There also seems to be little question that prominent climate scientists have complained to CSU about Gray's vocal skepticism. The head of CSU's Department of Atmospheric Sciences, Dick Johnson, said he has received many comments during recent years about Gray — some supportive, and some not.
The complaints have come as Gray became increasingly involved in the global warming debate. His comments toward adversaries often are biting and adversarial.
In 2005, when Georgia Tech scientist Peter Webster co-authored a paper suggesting global warming had caused a spike in major hurricanes, Gray labeled him and others "medicine men" who were misleading the public.

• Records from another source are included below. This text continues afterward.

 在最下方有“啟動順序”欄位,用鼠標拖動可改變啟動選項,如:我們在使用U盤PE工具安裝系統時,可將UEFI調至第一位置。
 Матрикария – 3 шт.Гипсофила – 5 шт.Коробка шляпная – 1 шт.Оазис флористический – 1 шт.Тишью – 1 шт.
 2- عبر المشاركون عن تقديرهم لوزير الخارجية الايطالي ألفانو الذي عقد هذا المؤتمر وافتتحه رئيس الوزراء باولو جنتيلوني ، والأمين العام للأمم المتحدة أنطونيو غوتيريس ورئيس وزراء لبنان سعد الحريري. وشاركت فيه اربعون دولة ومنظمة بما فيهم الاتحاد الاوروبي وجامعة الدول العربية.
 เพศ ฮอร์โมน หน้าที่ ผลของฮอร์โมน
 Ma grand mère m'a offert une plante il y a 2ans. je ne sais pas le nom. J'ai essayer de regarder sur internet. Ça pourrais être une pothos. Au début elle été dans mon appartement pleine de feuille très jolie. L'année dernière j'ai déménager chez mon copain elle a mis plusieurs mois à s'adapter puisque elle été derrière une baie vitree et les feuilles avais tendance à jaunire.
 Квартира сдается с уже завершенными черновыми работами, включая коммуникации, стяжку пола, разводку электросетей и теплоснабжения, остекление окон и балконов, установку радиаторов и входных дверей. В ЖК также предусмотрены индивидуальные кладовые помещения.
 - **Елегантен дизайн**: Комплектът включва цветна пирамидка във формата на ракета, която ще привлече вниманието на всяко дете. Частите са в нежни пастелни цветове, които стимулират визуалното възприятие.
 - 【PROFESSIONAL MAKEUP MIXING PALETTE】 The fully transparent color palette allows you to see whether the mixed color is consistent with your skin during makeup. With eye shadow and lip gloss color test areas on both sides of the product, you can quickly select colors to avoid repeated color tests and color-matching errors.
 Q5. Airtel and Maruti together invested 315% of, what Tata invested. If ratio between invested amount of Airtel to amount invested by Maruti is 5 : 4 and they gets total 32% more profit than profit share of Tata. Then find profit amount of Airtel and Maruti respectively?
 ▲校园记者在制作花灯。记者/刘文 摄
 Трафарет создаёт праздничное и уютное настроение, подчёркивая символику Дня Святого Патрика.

Webster, in an e-mail from Bangladesh, where is working on a flood prediction project, acknowledged that he complained to Johnson at CSU.
"My only conversation with Dick Johnson, which followed a rather nasty series of jabs from Gray, suggested that Bill should be persuaded to lay off the personal and stay scientific," Webster wrote.
Gray also has been highly critical of a former student, Greg Holland, who is among the most visible U.S. scientists arguing about the dangers posed by global warming.
Gray's comments about Holland include referring to him as a member of a "Gang of Five" that is interested in using scare tactics to increase research funding.
The comment was a reference to the Gang of Four, which terrorized China in the 1960s and '70s while purging the Communist Party of moderates and intellectuals.
"I have registered concern in several quarters, including CSU, on the manner in which he has moved away from scientific debate and into personal attacks on the integrity and motives of myself and my colleagues," Holland said.
Although he ceded lead authorship of the forecasts to Klotzbach in 2006, Gray has remained the headliner in storm prognostication. He annually is among the most popular draws at the National Hurricane Conference.
In recent years, as he has increasingly made sharp public comments about global warming, Gray quickly became one of the most prominent skeptics because of his long background in atmospheric sciences.
His views on the climate — he says Earth is warming naturally and soon will begin cooling — have been applauded by some scientists, particularly meteorologists such as Frank. But they are out of step with mainstream climate science.
The most recent report by an international group of climate scientists, the Intergovernmental Panel of Climate Change, concluded that there was 90 percent certainty that human activity had caused recent warming of the planet.
Yet at U.S. universities, threats to the rights of scientists who hold minority viewpoints are generally frowned upon.
A prominent legal scholar, Stanley Fish of Florida International University, said university public relations offices should not pick and choose where resources go, based upon the content of a professor's work.
"If it can in any way be established that (Gray's) global warming views were the basis of this action, then it is an improper action," Fish said.
In his memo, Gray clearly indicates that he believes his academic freedom is imperiled:
"For the good of all of us in the Department, the College and at CSU, please believe me when I say this is not a direction any of you want to go," he wrote. "Our department and college are strong enough to be able to tolerate a dissenting voice on the global warming question."
Woods, Gray's dean, insisted that dissent on global warming is welcomed at CSU.
"He's not the only faculty member in the world who questions global warming," Woods said. "When Bill talks about some of the data, he can make some very good points."